------ SUPPLIED DATA

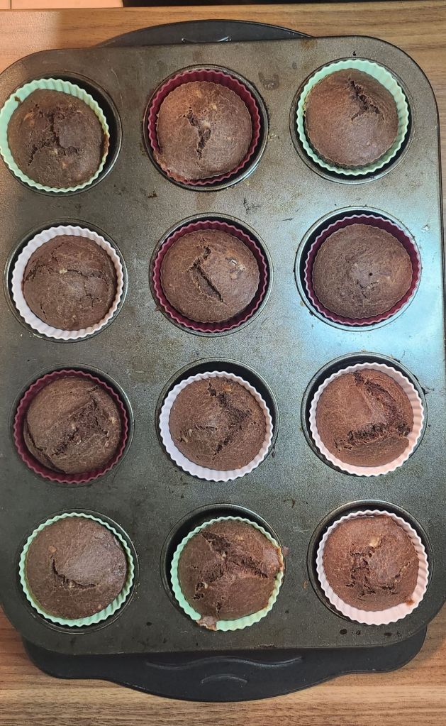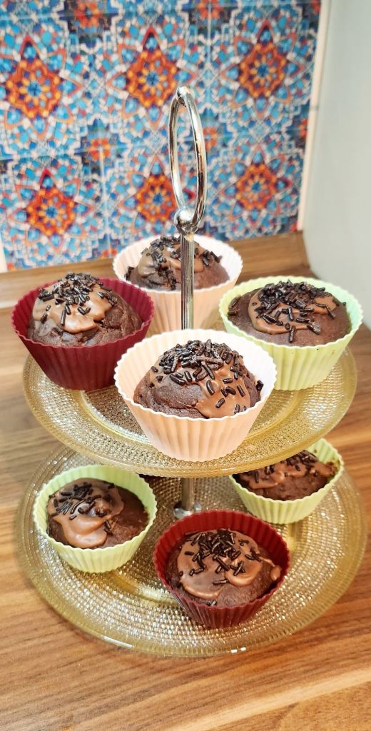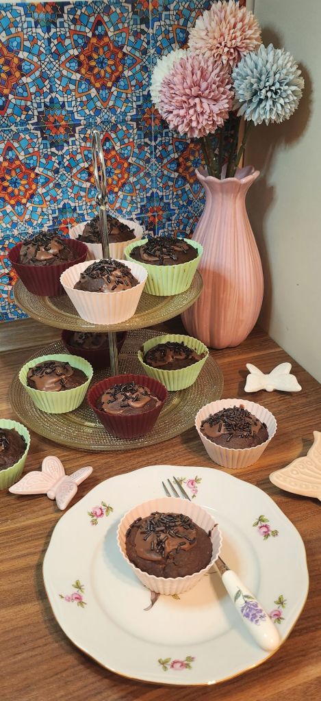 Den Teig in Muffinsförmchen geben ( ich habe die aus Silikon benutzt) und für ca. 20 Minuten backen. Macht die Stäbchenprobe.
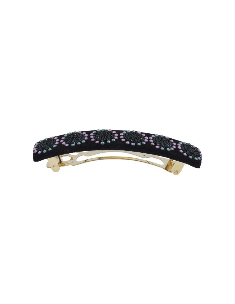 ・クリスタルファブリックの上にクリスタルのサークルが並び、上品でシャイニーなブラックの美しさが際立つバレッタ。
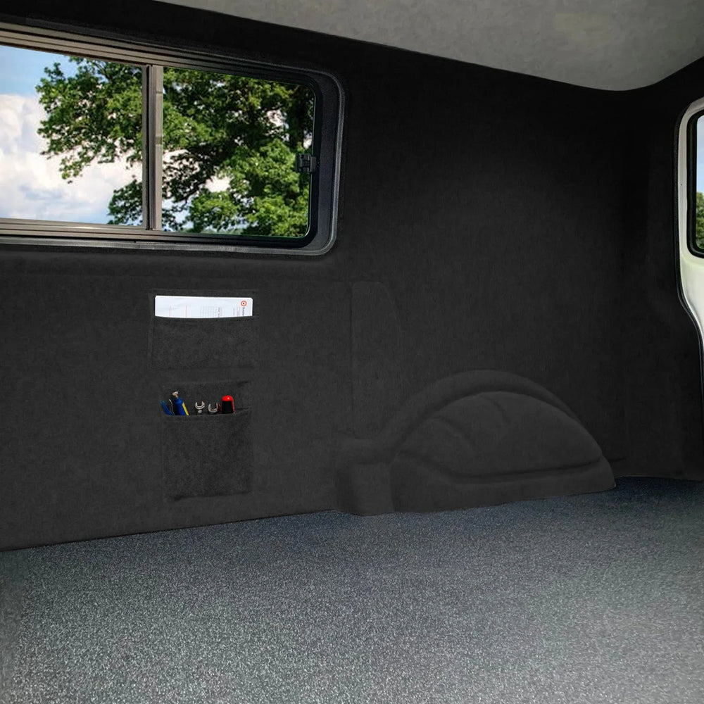 Transform your vehicle's interior into a harmonious blend of style and functionality with our anthracite grey van lining and storage pouch set.

------------

What is wanted is the listing, written out exactly, with each picture removed.

 Den Teig in Muffinsförmchen geben ( ich habe die aus Silikon benutzt) und für ca. 20 Minuten backen. Macht die Stäbchenprobe.
 ・クリスタルファブリックの上にクリスタルのサークルが並び、上品でシャイニーなブラックの美しさが際立つバレッタ。
 Transform your vehicle's interior into a harmonious blend of style and functionality with our anthracite grey van lining and storage pouch set.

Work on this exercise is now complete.